16 March 2026
It appears that our human-rights-lawyer Prime Minister — whose government is now planning to restrict the ancient right to trial by jury — has forgotten his own report and views.
Before becoming Prime Minister, Sir Keir Starmer KC concluded that scrapping jury trials had led to wrongful convictions in Northern Ireland in the 1990s. According to a report uncovered by The Telegraph, he found that removing juries from Troubles-era Crown Court trials resulted in cases “failing to secure reliable convictions based on properly tested evidence”.
This is yet another awkward revelation that threatens to undermine the Government’s efforts to curb the right to trial by jury — in what constitutes the biggest assault on English liberty in over 800 years.
The Courts and Tribunals Bill — which includes the proposed jury reforms — passed its second reading in the House of Commons last week. However, Labour MP and former Shadow Attorney General Karl Turner, who has been leading the Labour revolt against the proposals, says he has the numbers to challenge the Government at report stage.

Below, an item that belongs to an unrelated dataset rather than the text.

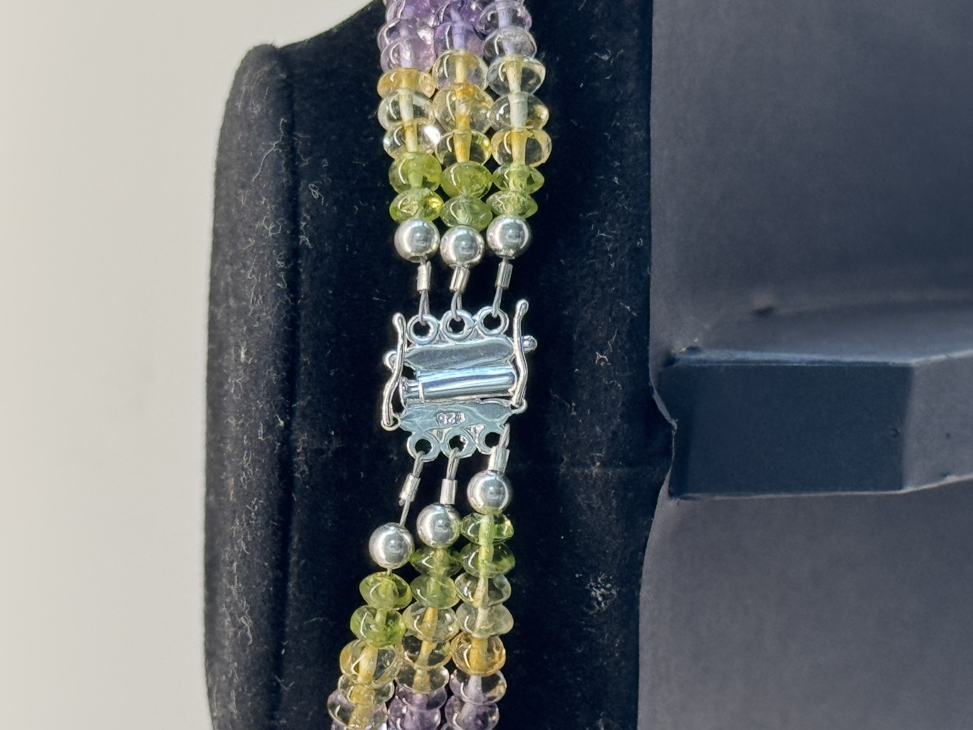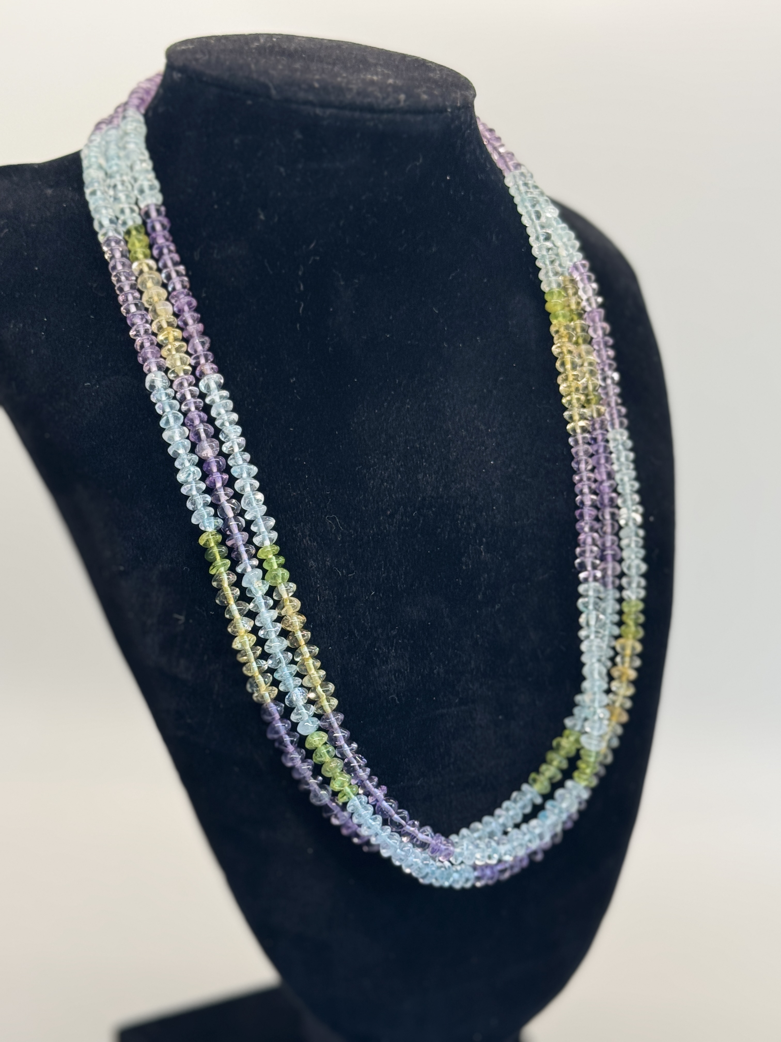 Exquisite multi-gemstone 3 strand necklace featuring 5mm center drilled saucer gemstones; Amethyst, Citrine, Blue Topaz and Peridot. The necklace is 20″ long with a sterling silver decorative clasp.

Last week the Justice Secretary, David Lammy, was forced to guarantee that a Labour rebel would be given a place on the Public Bill Committee in an attempt to prevent a large rebellion at second reading. The membership of the committee is expected to be announced this week, with the first oral evidence session scheduled for Wednesday 25 March.
The unearthed report further highlights the Prime Minister’s apparent change of position. Earlier this year, Sir Keir argued that restricting jury trials was a “fundamental argument of principle” necessary to deliver justice to victims of crime.

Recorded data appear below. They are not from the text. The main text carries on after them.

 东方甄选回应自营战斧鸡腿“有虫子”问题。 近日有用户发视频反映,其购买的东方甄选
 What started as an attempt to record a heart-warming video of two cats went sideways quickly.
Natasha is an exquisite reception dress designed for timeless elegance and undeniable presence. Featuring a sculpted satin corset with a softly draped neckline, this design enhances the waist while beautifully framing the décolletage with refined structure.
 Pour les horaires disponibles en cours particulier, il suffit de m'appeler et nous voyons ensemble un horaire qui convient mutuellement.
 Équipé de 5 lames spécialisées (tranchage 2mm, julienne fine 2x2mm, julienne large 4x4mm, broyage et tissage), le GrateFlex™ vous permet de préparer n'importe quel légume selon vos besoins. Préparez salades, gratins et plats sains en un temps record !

Yet the report he helped write in 1992 concluded that removing juries “enables wrongful convictions to occur in the absence of any procedural or judicial error”.
The report examined the operation of the Diplock Court system in Northern Ireland and warned that without juries it becomes “more difficult to raise reasonable doubt”, making convictions far more likely. It also described the process as “bordering on ‘conveyor-belt’ justice”.
Nick Timothy, the Conservative MP and Shadow Justice Secretary, said the Prime Minister “should read the report he helped craft and stop his attack on jury trials”.
He added: “The report contains many of the arguments that critics in Parliament and the legal profession have made against the Bill. Judge-only trials remove vital protections for defendants and place additional burdens and scrutiny on judges.”
Jury trials have been a central feature of the English criminal justice system for centuries and are a principle that Britain has exported across the world. Yet David Lammy now wants to restrict access to jury trials in a move that the Four Criminal Bars have warned would undermine public trust in the justice system.
Under the proposals, juries would be reserved primarily for the most serious offences — including murder, rape and manslaughter — and other crimes carrying sentences of more than five years.
Karl Turner, who is leading the Labour rebels, said: “Like David Lammy, the Prime Minister knows full well that doing away with jury trials in serious criminal cases — those that currently carry sentences of up to three years’ imprisonment — is unjust, unworkable, unpopular and unnecessary. The tragedy is that Keir Starmer, as Prime Minister, knows the cost of jury trials but is prepared to ignore the value of this 800-year-old right of those accused and prosecuted by the state.”